Data extracted from a collection:
....................

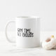 Una taza con el eslogan motivador "Tiempo de gimnasia, sin excusas" en una tipografía de texto negro de una sola fuente.
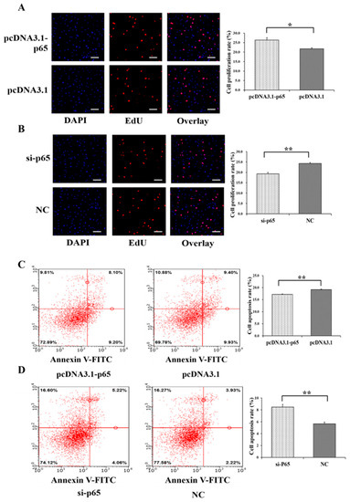 Moreover, pcDNA3.1-65 was found to significantly increase the cell proliferation rate of GCs (p < 0.05) (Figure 3A), and si-65 significantly decreased the cell proliferation rate of GCs (p < 0.01) (Figure 3B). In addition, pcDNA3.1-p65 was observed to significantly depress the cell apoptosis rate of GCs (p < 0.01) (Figure 3C), and si-p65 significantly promoted cell apoptosis in GCs (p < 0.01) (Figure 3D).
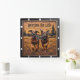 This lively square wall clock features a dimensional illustration of two reddish-brown dogs running excitedly toward the viewer through a grassy field. The entire design is rendered in rich brown, orange, and dark green tones, strongly suggesting a deep carved relief or Engraved Wood Look. The dogs are highly detailed, showing texture in their fur, and have happy, open-mouthed expressions. They are surrounded by long, textured brown grass and small reddish flowers. The background shows stylized pine trees and a low mountain ridge. The small, three-dimensional embossed text "Besties for Life" is carved across the top. The clock face features a simple clock face border with large, white, numbered tick marks (1 to 12) integrated into the outer frame. The artwork is surrounded by a thick, dark brown decorative border that resembles a black wood frame.
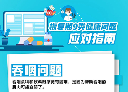 呼吸急促(氣短)、咳嗽、乏力、失眠、疼痛、心悸、聲音問題、吞咽問題、嗅覺味覺下降等都是感染新冠病毒后可能出現的健康問題。恢復期9類健康問題,請收好這份應對指南
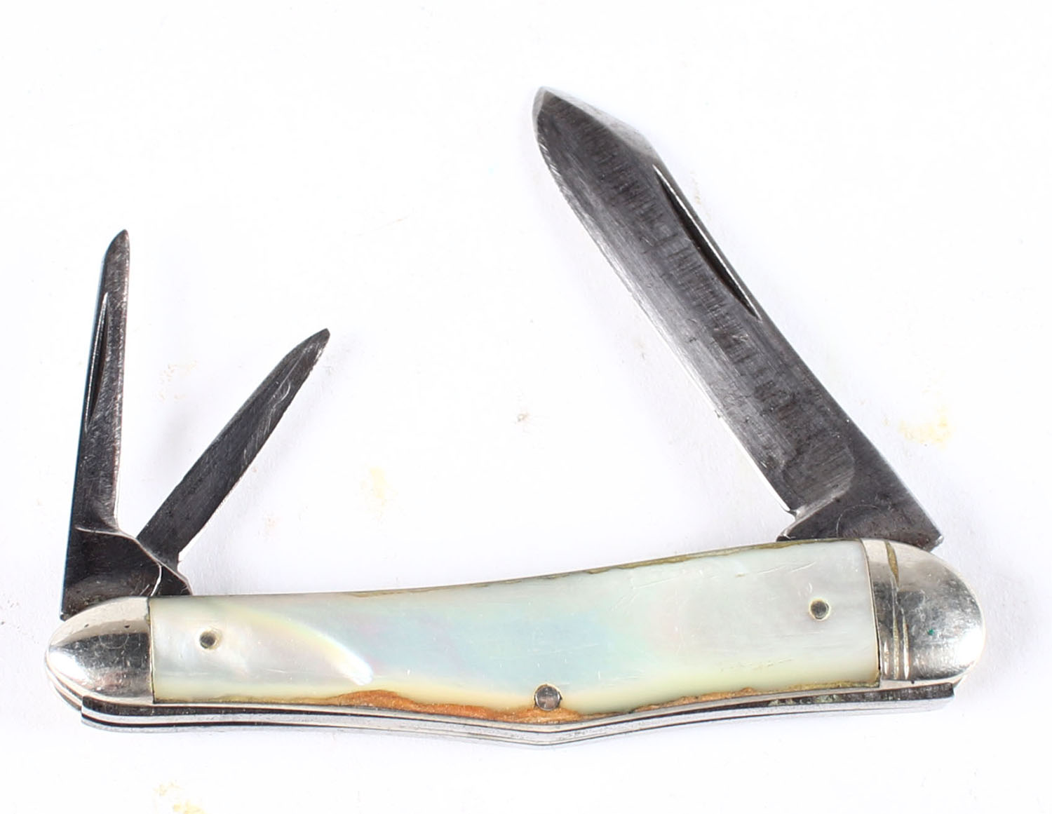 RARE! Original 1930s Remington knife, 3 blade knife #R6834 Pearl Scales. Some edge chipping to the scales. Grade: Very good. - Value: 100 to 200
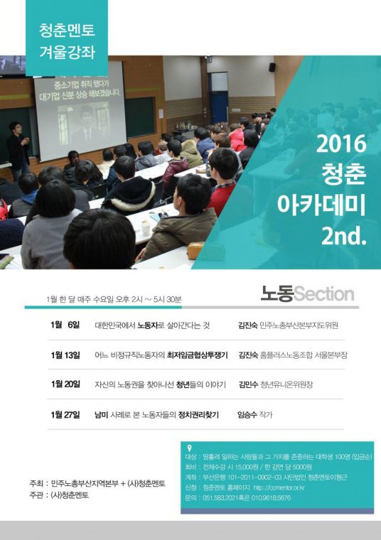 [Reference] : 미조직비정규부장, 「공지사항 - [알림] 2016 청춘아카데미(노동섹션)」 http://busan.nodong.org/xe/?document_srl=2479426.
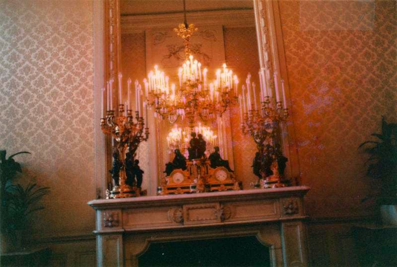 Garniture de cheminée : pendule-calendrier, dont les bronzes symbolisent les Ages de la vie ; les candélabres symbolisent les Eléments.
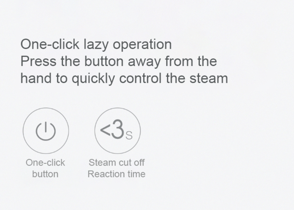 Ленивая работа одним нажатием Нажмите кнопку подальше от рук, чтобы быстро контролировать пар Круглая кнопка пара спроектирована и отрегулирована много раз. Звук кнопки мягкий, и ход кнопки комфортный. После выключения кнопки пар можно быстро остановить в течение 3 секунд, что более удобно для хранения и использования. Управление одним касанием, Даже новички могут легко контролировать, деликатно гладить одной рукой.
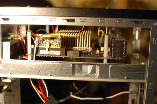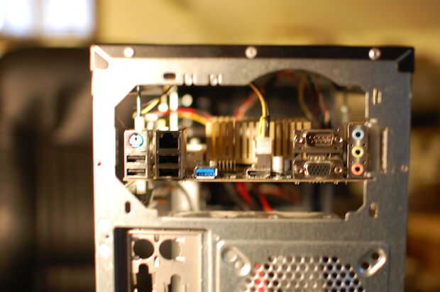 Saque la placa e instalar el RAM, fuente de alimentación, los cables del panel frontal y los cables de unidad. Todo lo que se conecta en el tablero debe conectarse antes de instalar la placa base. No tendrás espacio para enchufar cualquier cosa una vez que la Junta está en su lugar.
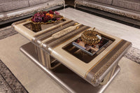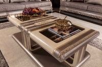 Enhance any living space with the Vitale Coffee Table. This classic piece exudes luxury with its intricate carved details, finished in a striking gold leaf. Elevate your home with timeless elegance and sophistication.
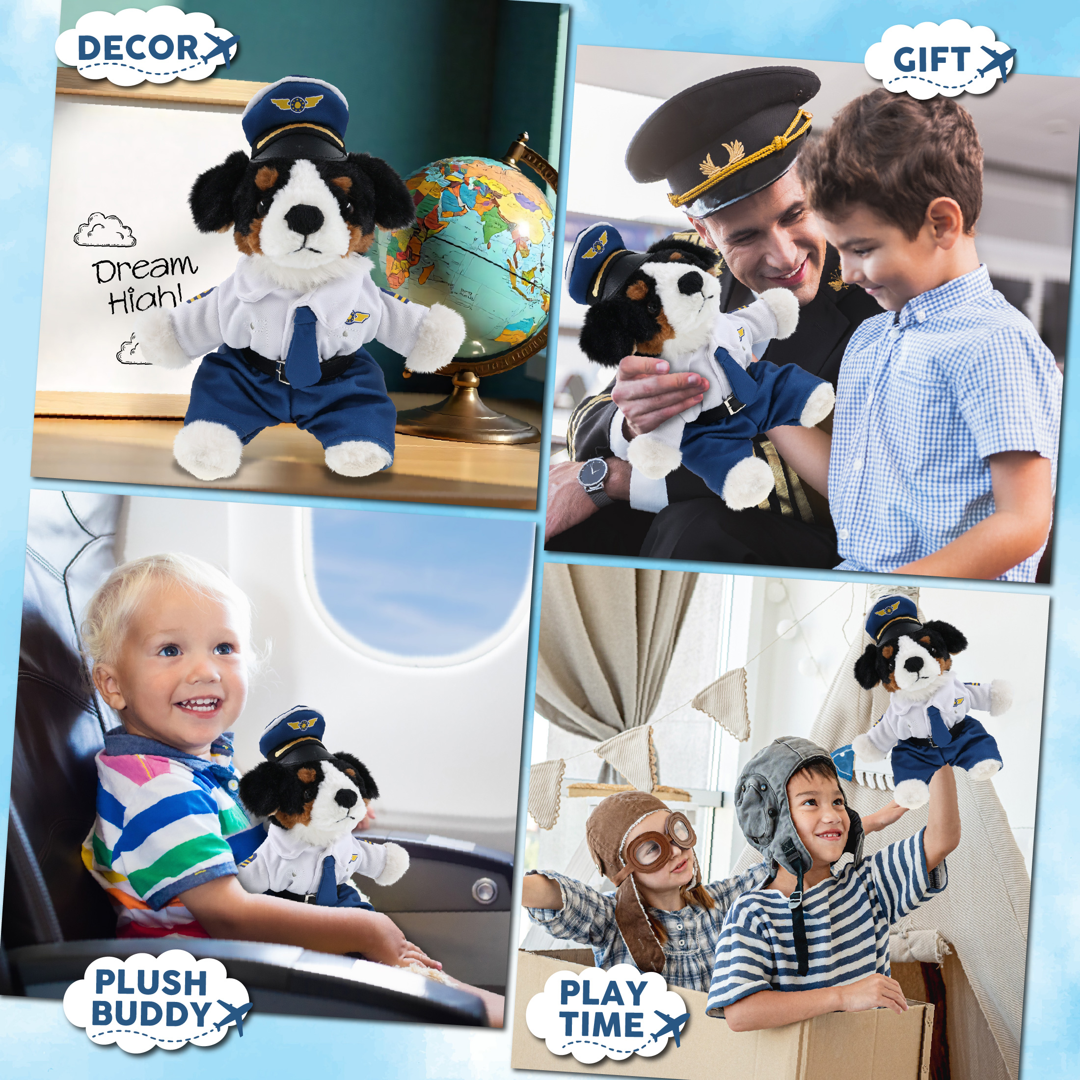 • The Pilot Stuffed Bernese Dog Plush is Perfect for Aviation Lovers – Everyone who loves aviation will be thrilled to have a pilot stuffed bear, whether it’s a cute stuffed animal gift or a cute teddy bear plush for aviation-themed collections. Perfect pilot fluffy stuffed animal for flight pretend play and as a pilot Bernese dog toy gifts for kids who aspire to be pilots when they grow up. Recommended for ages 3 and up.
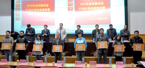 4月7日晚,学校在天山堂C区302报告厅召开2010年度创新创业行动计划总结表彰暨2011年动员大会。党委副书记李恒滨出席大会。宣传部、教务处、科技处、学生处、团委、大学科技园办公室相关负责人,全体专职团干部,创新创业行动计划先进集体、获奖学生代表参加了大会。大会由校团委副书记马树超主持。
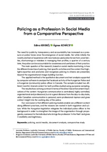 The need for publicity, transparency and accountability has increased as a pressure on police forces since the emergence of social media. But while initially the novelty and lack of experience with new tools excused police forces from uncertainties, shortcomings or mistakes in managing their profiles, a quarter of a century later, the police can be accountable for awareness and usefulness of their practice.The main question of the research, based on social media monitoring, is how the different branches of policing, their specific activities and the content that highlights expertise and promotes and recognises policing to citizens are presented, beyond the organisational image-building function.The applied method is the qualitative document and text analysis supported by computer software to analyse the Facebook activity of the Hungarian Police and a Hungarian (community) police officer in Canada. The sample included two different months’ shared content for both profiles studied using purposive sampling.The results show a strong contrast in terms of the direct law enforcement implications of the content. Hungarian communication is centralised, highly controlled, organisational and professional, but at a great distance from the day-to-day tasks, while Canadian communication is personal, semi-professional-layman and gives a direct insight into the working day of the police.Our conclusion is that different policing models enable very different content along different practices, and the reasons are rooted in both regulation and culture. While the Hungarian legislation relegates the individual police officer to the background in order to strengthen the image of the organisation through propaganda, overseas it is the individual who brings the profession ‘in the flesh’ and gives it credibility and legitimacy.
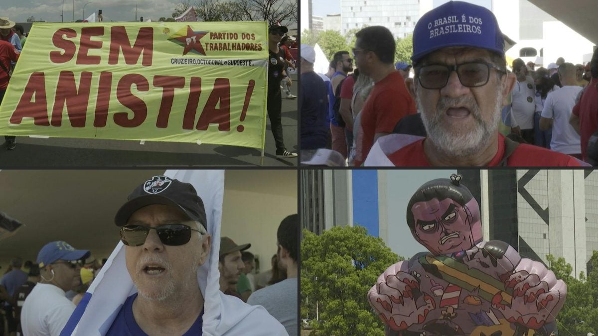 Milhares de pessoas foram às ruas protestar neste domingo contra a PEC da Blindagem e um projeto de anistia que poderia beneficiar Jair Bolsonaro, condenado a 27 anos de prisão (Imagens: AFP)

....................

### The problem
Please transcribe exactly the lines from the start of the records through the line containing "Moreover, pcDNA3.1-65 was", leaving the pictures out.

### Written response
 Una taza con el eslogan motivador "Tiempo de gimnasia, sin excusas" en una tipografía de texto negro de una sola fuente.
 Moreover, pcDNA3.1-65 was found to significantly increase the cell proliferation rate of GCs (p < 0.05) (Figure 3A), and si-65 significantly decreased the cell proliferation rate of GCs (p < 0.01) (Figure 3B). In addition, pcDNA3.1-p65 was observed to significantly depress the cell apoptosis rate of GCs (p < 0.01) (Figure 3C), and si-p65 significantly promoted cell apoptosis in GCs (p < 0.01) (Figure 3D).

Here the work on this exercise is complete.